On Thu, May 29, 2003 at 04:31:45AM -0700, Patrick Tinley wrote:
> Hi all,
>
> I'm just wondering if its possible to have the Summary Report
> (see below) which appears at the end of the indexing process
> detached & e-mailed to myself.
> Indexing is on a weekly cronjob.
> I'd like to keep a record of how the site grows.
Others may be better at answering this.
Cron normally emails any output to the user (see man 5 crontab if you
can set the email address).
You have output from two things below:
> Summary for: http://www.mysite.com/index.shtml
> Duplicates: 535,248 (214.4/sec)
> Off-site links: 12,996 (5.2/sec)
> Total Bytes: 246,865,706 (98904.5/sec)
> Total Docs: 16,824 (6.7/sec)
> Unique URLs: 17,329 (6.9/sec)
That's from spider.pl and it is written to stderr. That output can be
disabled by setting SPIDER_QUIET=1 in your environment when indexing.

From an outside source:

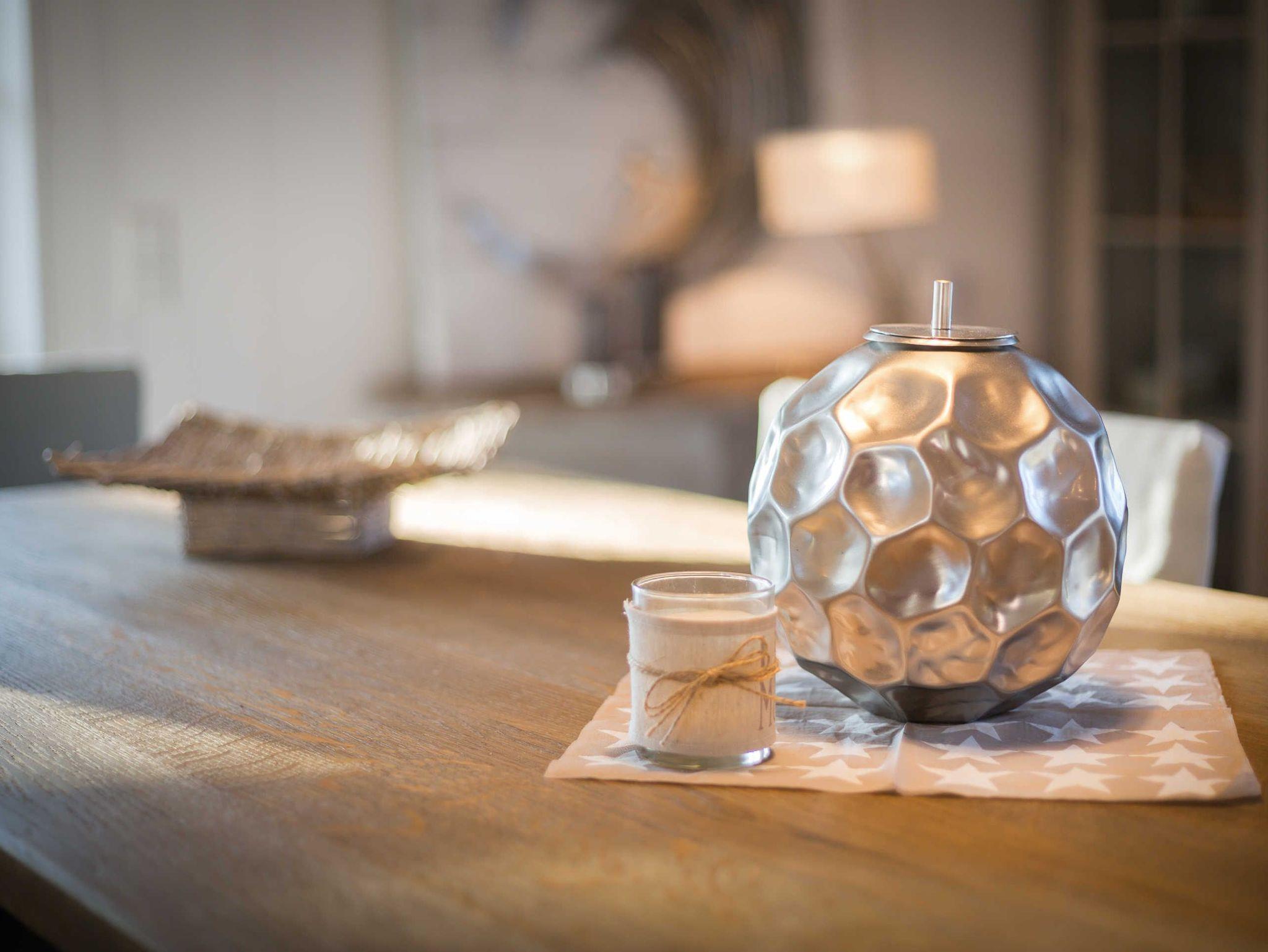 Im Erdgeschoss befindet sich ein geräumiges Wohnzimmer mit angeschlossenem Esszimmer und offener Wohnküche modernem Fernseher mit Satelliten-Empfang. Im Wohnzimmer sorgt der offene Kamin für romantische Stimmung. Die große Wohnküche ist vom geräumigen Esszimmer durch einen Frühstückstresen getrennt. Alle Annehmlichkeiten einer modernen Küche vom Herd bis hin zum Kühl- und Gefrierschrank und einer Spülmaschine sind vorhanden. Vom Wohnzimmer und Esszimmer kommen Sie auf die zwei Terrassen. Die Küche bietet einen weiteren Zugang zum Garten. Ebenfalls finden sich im Erdgeschoss ein Gäste-WC und ein Ankleidezimmer.

> Removing very common words...
[...]
> 66602 unique words indexed.
> 9 properties sorted.
> 16824 files indexed. 246865706 total bytes. 12192895 total words.
> Elapsed time: 00:42:28 CPU time: 00:04:02
And that's from the swish-e binary and, by default, is written to
stdout. You can use the -E <file> to append swish-e's output to a file,
or without <file> send the output to stderr instead of stdout. Or just
redirect stdout to a file.
So that gives you a few options since you can pick which output goes
where. You might capture the spider output one place and the swish-e
summary someplace else.
Note that when indexing swish-e shows a progress report and uses \r to
overwrite its percent complete messages. Those will be ugly so you will
probably want to filter swish-e's output.
What I'd do is save output to a file while indexing. If swish-e exits
with a non-zero exit code then email the entire file (just use cat in
cron and then it should automatically be sent). If swish-e exits
without an error exit code then use grep to extract out just the data
you want emailed, or write a little script to append interesting data to
a (comma separated values?) file for later processing.
--
Bill Moseley
moseley@hank.org
Received on Thu May 29 13:04:21 2003